The city council organises free guided walks around York, and I decided to join one. There were about 30 visitors, from various corners of Europe and the Anglo-Saxon world. The guide was an ancient local woman called Hazel, who when she said she was going to die soon, got no disagreement from any of us.
She looked at her audience, all white with me the dash of brown, and with her eyes squarely on me, said, "Do we all understand English? I know it may not be a first language for some of you. But it's the only language I speak."
Small chatter followed. Then again turning to me, she says, "Clearly we have some visitors from overseas," encouraging me to reveal my foreign origins. As it was, I was the only one in the audience actually living in England, but poor Hazel had not yet caught up with the last 50 years of developments in her country.
That should give you some idea about York. It's an old town with lots of history, and one that maybe still lives a little in the past.
* * *
At the ruins of the 11th century St. Mary's Abbey, Hazel explained the importance and significance of the Catholic Church in those early days, and how it was then the only religion of the people of the british isles.

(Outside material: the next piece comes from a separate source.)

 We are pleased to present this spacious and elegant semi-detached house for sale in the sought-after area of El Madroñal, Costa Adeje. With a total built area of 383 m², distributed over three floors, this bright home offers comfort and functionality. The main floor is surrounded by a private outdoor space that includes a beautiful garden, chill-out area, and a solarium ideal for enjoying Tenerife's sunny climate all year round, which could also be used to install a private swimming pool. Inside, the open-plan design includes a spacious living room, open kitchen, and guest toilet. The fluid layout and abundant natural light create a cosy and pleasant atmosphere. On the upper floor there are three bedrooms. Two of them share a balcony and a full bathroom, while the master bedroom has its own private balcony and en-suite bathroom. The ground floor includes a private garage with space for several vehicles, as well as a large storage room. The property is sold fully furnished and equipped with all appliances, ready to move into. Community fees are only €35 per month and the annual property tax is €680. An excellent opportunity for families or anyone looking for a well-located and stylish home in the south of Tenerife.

While it later became apparent that she was probably contrasting this to the later emergence of protestantism (which she viewed as a separate religion from catholocism, rather than a schism), I beg to point out what she missed - the Jews. In 1190, a mob in York decided to get rid of the town's Jewish population, matters eventually ending with the deaths of around 150 Jews, murdered or burned alive. It happened only a kilometer from the abbey too, and the ruins of the castle where the Jews hid for protection still remain too.

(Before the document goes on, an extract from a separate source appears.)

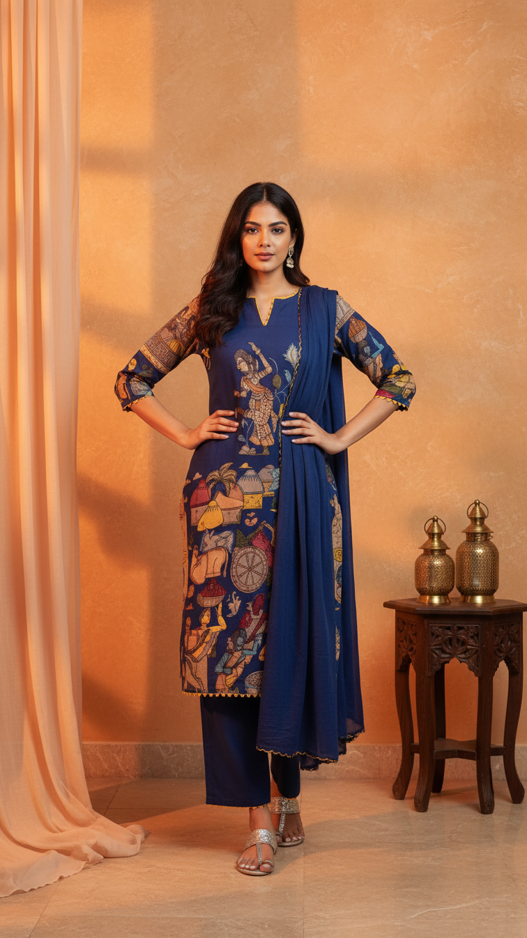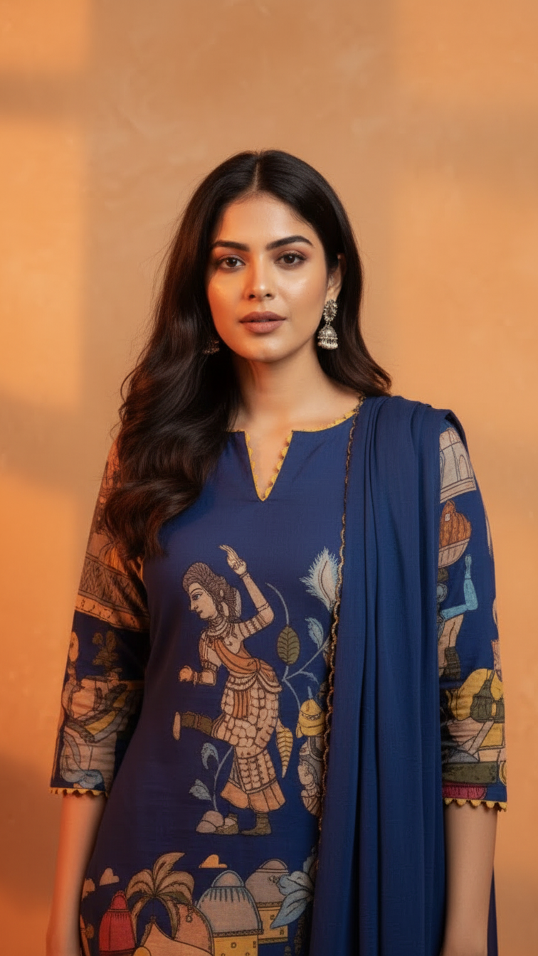 Traditional Kalamkari Print Cotton Kurti Set - S

My point? Merely that if Christians of the time were busy persecuting Jews in England , why, there must have been some jews in england too.
***
In the tour group was an incredibly beautiful and divine smelling (i don't know what fragrance she was wearing, but i could distinguish it from every other smell in the crowd and around us, and I was aware of its presence the whole time) woman and her boyfriend. that is not in itself unusual, but this one had a remarkable resemblance to the girl who forgot me. She was a european version though, and many times during the walk she ended up standing right next to me, and i would just have to squeeze my eyes shut and concentrate on remembering this was a stranger, someone i didn't know and who didn't know me. and yet i couldn't help wonder, why didn't she recognise me, surely she must have once known a european version of me, surely these things happen with symmetry...
And then the tour ended, and we all went our separate ways, some of us marvelling at and troubled by the strange twists of the world, other seemingly unaware.